Half your pods have no resource requests. The other half have requests set to 4 CPU and 8Gi memory "just to be safe." Your nodes are 70% allocated but only 15% utilized. Fix it.

If I could only teach engineers one Kubernetes performance topic, this would be it. Requests and limits are the load-bearing primitive that every later optimization rests on. Get them wrong and the cluster is simultaneously over-provisioned (high cost, low utilization) and unstable (OOMKills, throttling, eviction). Get them right and most of the other performance work in this course gets dramatically easier.

This lesson is what requests and limits actually do at the kernel level, why the wrong values cause specific failure modes, and how to reason about them.

The problem

The most common pattern I see in production:

30% of pods have no resource requests at all (BestEffort QoS)
50% have requests set to oversized round numbers ("4 CPU, 8Gi memory") because someone copied a template
15% have requests roughly matching reality
5% are intentionally over-requested for QoS reasons

The result is the spec at the top of this lesson: nodes are 70% allocated but only 15% utilized. The scheduler thinks the cluster is full because of the requests on paper. The actual hardware is sitting idle.

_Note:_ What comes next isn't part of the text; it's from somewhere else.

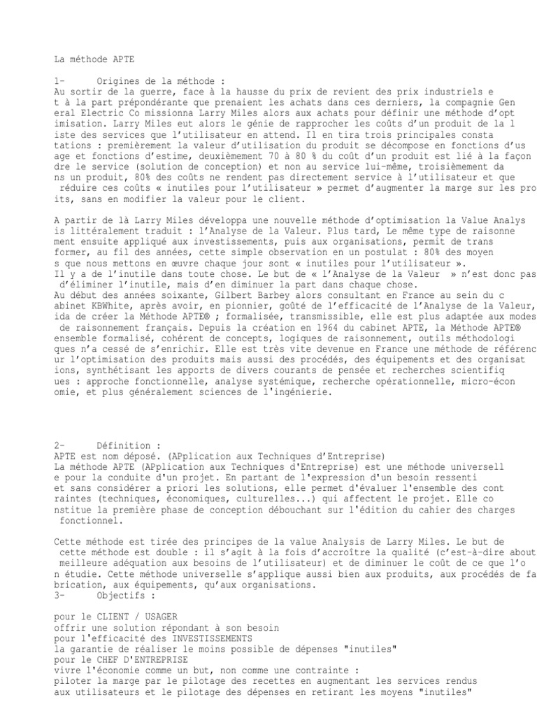 La méthode APTE (APplication aux Techniques d Entreprise) est une méthode universell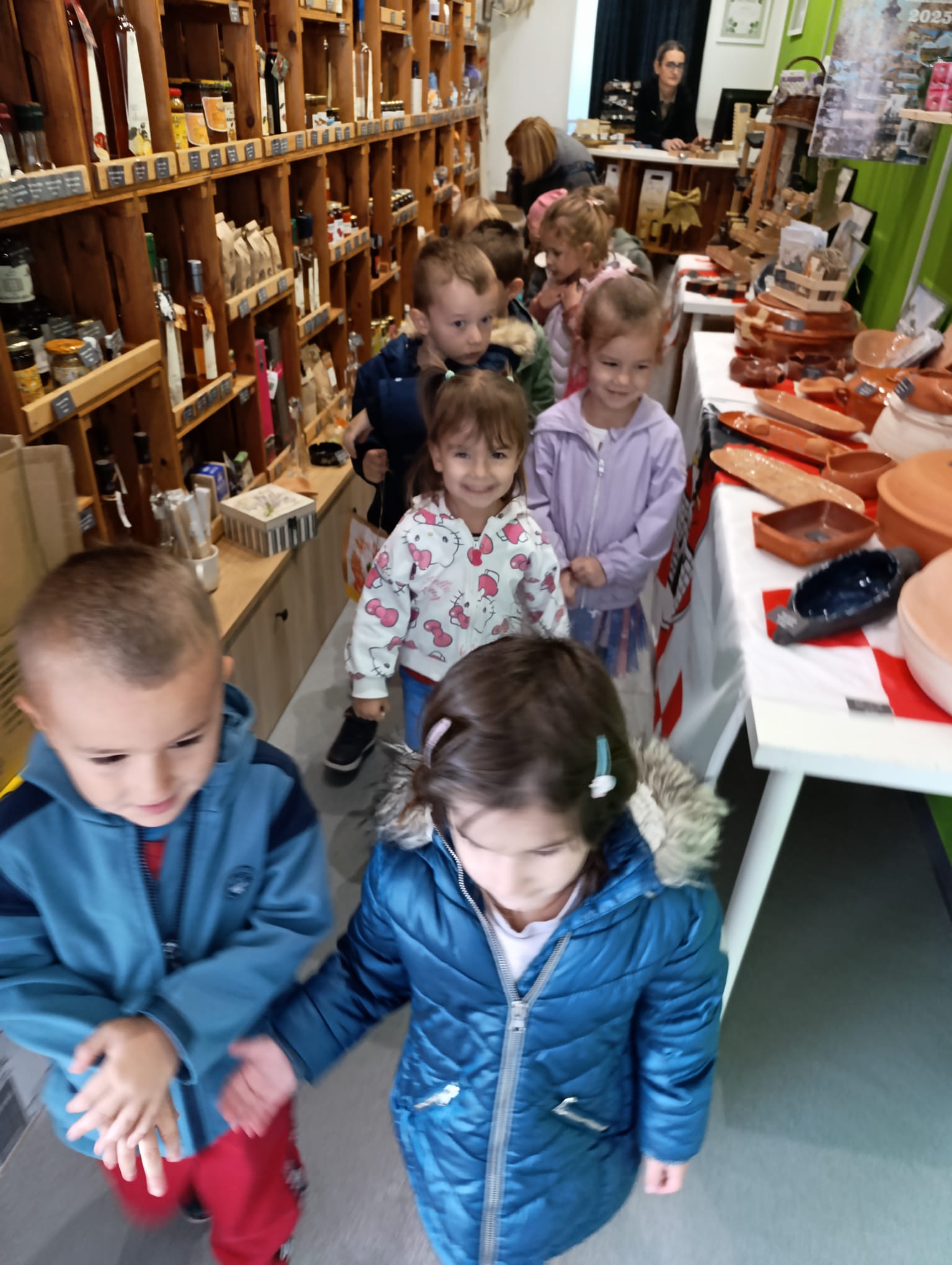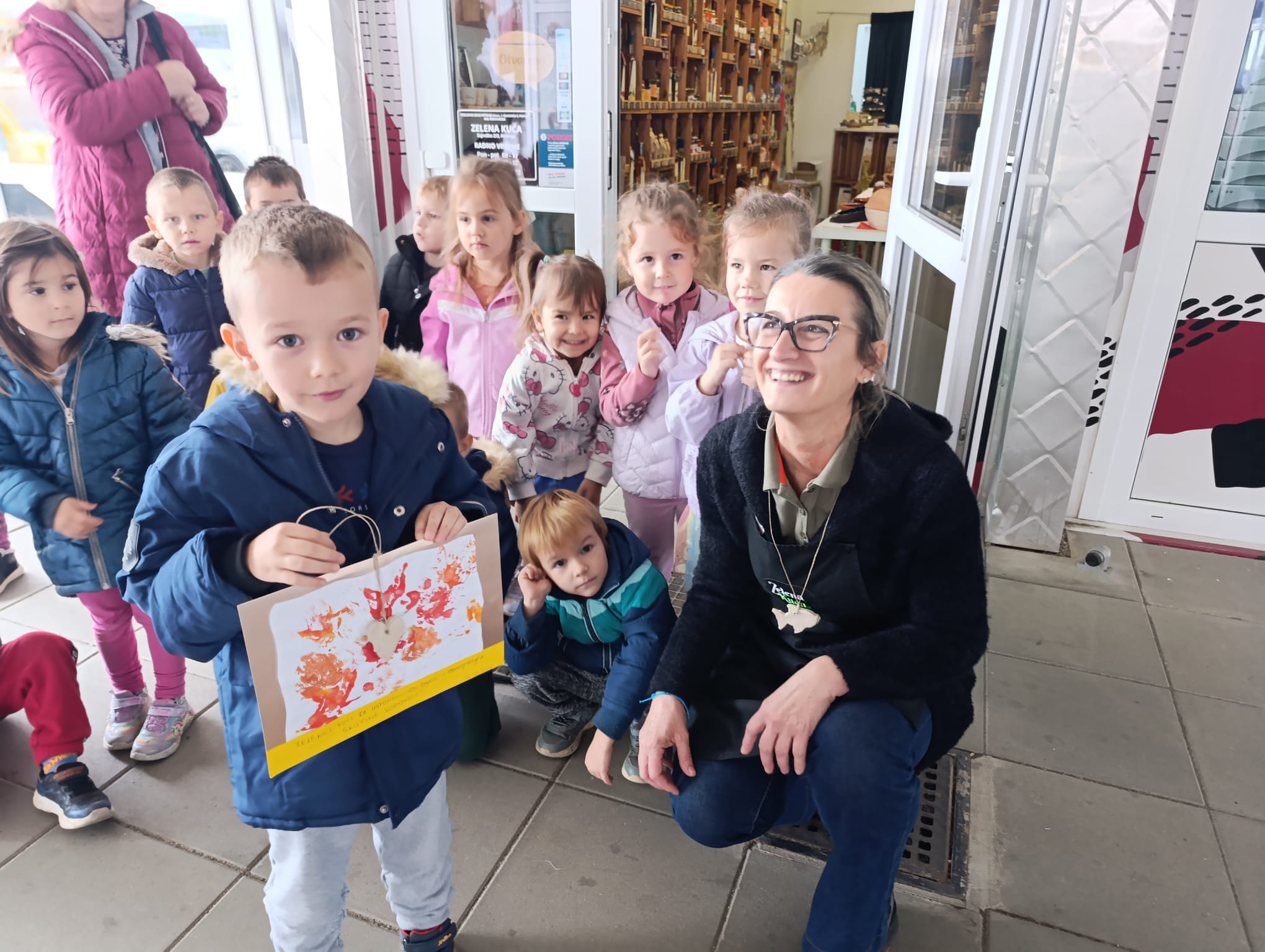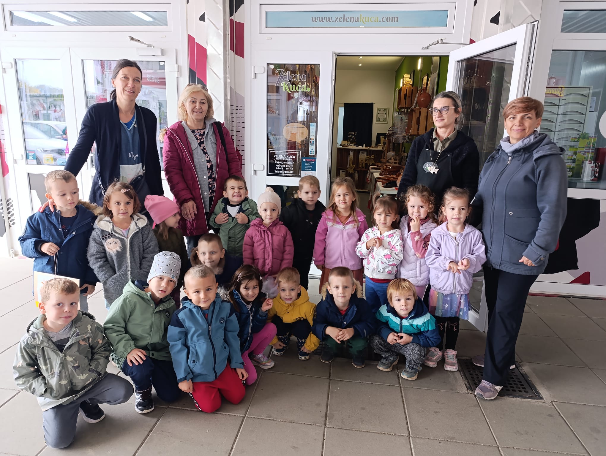 A kako bi djeca skupine proširila svoja znanja o tome što je to suvenirnica, i koje suvenire u našoj petrinjskoj suvenirnici možemo pronaći, male Kornjačice u pratnji svojih odgojiteljica Anabele Kunert i Maje Latin, pedagoginje Višnje Vukše i asistentice Nade Barić, posjetile su u ponedjeljak 20. listopada, Zelenu kuću. Tamo su saznale da su prva vrtićka skupina koja ih je posjetila. Za posjeta su uočile da se tamo mogu kupiti magneti s petrinjskim motivima, glineno posuđe, među kojima se nalazi simbol Petrinje, stucka, raznovrsni nakiti, i sl. Na kraju posjeta predali su djelatnici Zelene kuće, svoju zahvalnicu i ogrlicu iz vlastite proizvodnje. Sada u sklopu jesenskih aktivnost pripremaju jesensku ponudu, gdje će poduzetne Kornjačice ponuditi ježiće od češera, svijećnjake od gline, ukrasne gljive i sl. Nakon jesenske ponude, poduzetne Kornjačice, zajednički će se dogovoriti što će od prikupljenog novca kupiti. Zasad im je želja ići na kazališnu predstavu u Zagreb, kupiti padobran kakav ima teta Pina… ali što će na kraju i kupiti, Kornjačice će se još dogovoriti.

The cost of this is not theoretical. At a typical $0.05/hour for a vCPU on a hyperscaler, a 200-node cluster running at 15% utilization is wasting roughly $10K-30K per month on capacity that exists for no one. Right-sizing requests is one of the highest-ROI changes you can make to a cluster, and lessons 1.4 and 1.5 give you the tools to do it at scale.

But before you can right-size, you need to understand what requests and limits actually do. Confusion at this layer cascades into every later optimization decision.

How it works under the hood

requests and limits are two separate things that operate at two different layers. Treating them as the same field has different default values is the root cause of most production confusion.

What requests and limits actually control

limits.memory: kernel OOM enforcement

Written to memory.max in cgroup v2. Container processes that try to allocate above this get OOMKilled by the kernel. Hard wall, immediate, fatal.

limits.cpu: CFS bandwidth control

Written to cpu.max in cgroup v2 as quota per period. Container processes get throttled when they try to use more than their quota in a 100ms window. Soft wall, recoverable, recurring.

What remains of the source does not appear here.